··· COLLECTED DATA ···

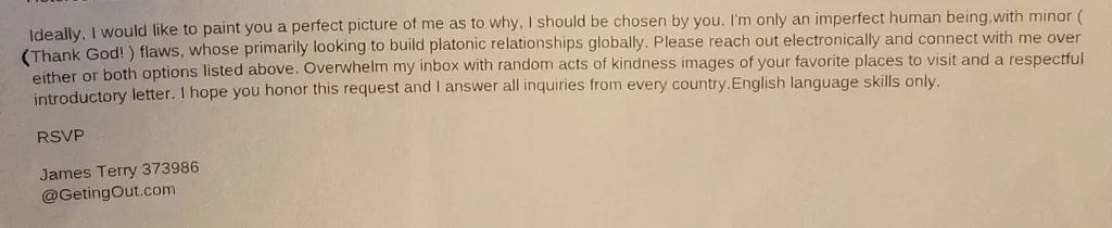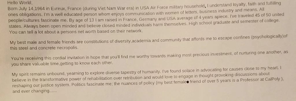First off, I would like to thank you for taking the time to stop by my profile,and to considering to get to know someone incarcerated.I would like to tell you some things about myself.I’m a true gentleman,I’m extremely good natured, adventurous,honest and caring.I’m transparent and empathic..I love helping others,traveling,reading business...
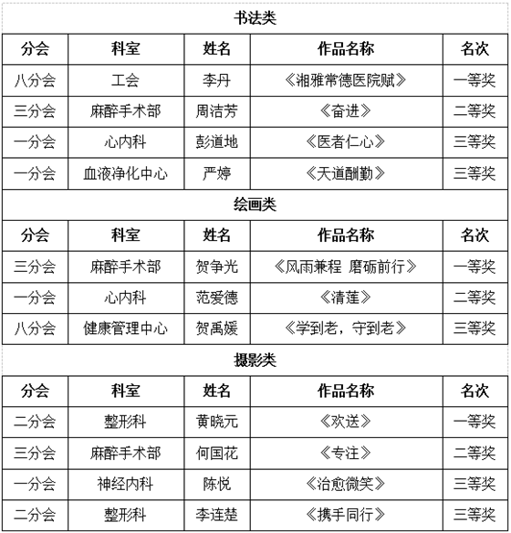 据悉,11月4日,院工会特别邀请常德市书法家协会、常德市美术协会几位知名行家对我院建院五周年系列活动之书法、绘画、摄影等参赛作品进行评选。此次活动以“建院五周年”为契机,发掘医院暖心故事为主题,征集各类作品,共收到绘画作品9幅、书法作品13幅、摄影作品12幅。经过评委们严格评选,共产生11个奖项。(名单附后)
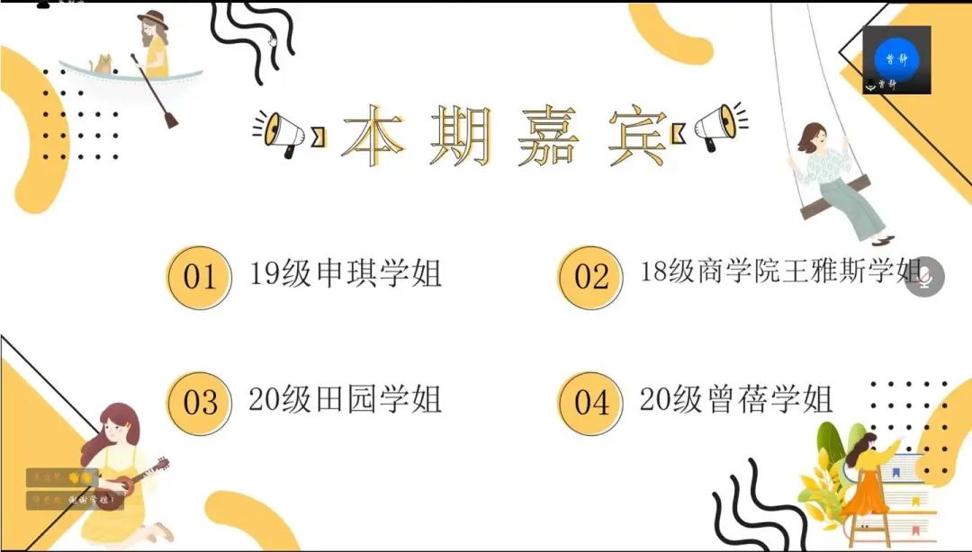 团委学生会学习发展部筹办了本学期第二期线上“青春分享课堂”活动。本次活动由21级本科生曾静主持,邀请到了19级本科生申琪、20级本科生曾蓓、田园和商赌博游戏

···

> ACTIVITY:
Write the listing above out again exactly, dropping each image.

> RESPONSE TO THE EXERCISE:
First off, I would like to thank you for taking the time to stop by my profile,and to considering to get to know someone incarcerated.I would like to tell you some things about myself.I’m a true gentleman,I’m extremely good natured, adventurous,honest and caring.I’m transparent and empathic..I love helping others,traveling,reading business...
 据悉,11月4日,院工会特别邀请常德市书法家协会、常德市美术协会几位知名行家对我院建院五周年系列活动之书法、绘画、摄影等参赛作品进行评选。此次活动以“建院五周年”为契机,发掘医院暖心故事为主题,征集各类作品,共收到绘画作品9幅、书法作品13幅、摄影作品12幅。经过评委们严格评选,共产生11个奖项。(名单附后)
 团委学生会学习发展部筹办了本学期第二期线上“青春分享课堂”活动。本次活动由21级本科生曾静主持,邀请到了19级本科生申琪、20级本科生曾蓓、田园和商赌博游戏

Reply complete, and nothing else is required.